On Tue, May 12, 2020 at 4:29 PM Nicolas Grekas <nicolas.grekas+...@gmail.com>
wrote:

> Hi Nikita,
>
> Thanks for another nice RFC.
>
> This was previously discussed in https://externals.io/message/108841, but
>> I
>> figured it would make sense to create an RFC for this change:
>> https://wiki.php.net/rfc/stable_sorting
>>
>> As before, the implementation approach is to stick with the existing qsort
>> and use a fallback comparison criterion, which is cheap to implement
>> internally. The obvious alternative is to use a stable base sort like
>> Timsort. I gave this a quick try in
>> https://github.com/php/php-src/pull/5559,
>> and it does better in some cases (already sorted data) and worse in others
>> (random data).
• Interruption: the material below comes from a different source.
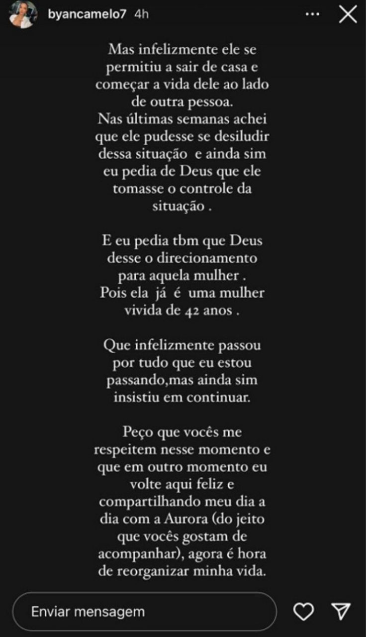 A modelo relatou para os fãs a situação do casal e pediu respeito aos seguidores e contou que precisa reorganizar sua vida agora.

I don't plan to pursue this direction personally. (It may
>> also be interesting to use pdqsort as the unstable base, which should make
>> the "already sorted" case faster.)
>>
>
> IIRC, in PHP 5 sorting was stable. Then PHP 7 made it unstable. That was
> something to account for when migrating - BC break inside.
>

In PHP 5 sorting was unstable. In PHP 7 sorting became stable for arrays
with 16 elements or less. In PHP 8 sorting would become stable for *all*
arrays.


> On my side, I would very much prefer a new sorting flag, to be 200% sure
> of the behavior:
> sort($array, SORT_STABLE)
>
> That would allow ppl that don't care about stability to let the engine go
> with the fastest algorithm.
>

I'd prefer to avoid an extra option. PHP is a high-level language, and the
user should not have to concern themselves with sort stability
considerations. I'd go for a flag if stable sorting had a huge perf impact.
But as it doesn't, I don't see the point in an option.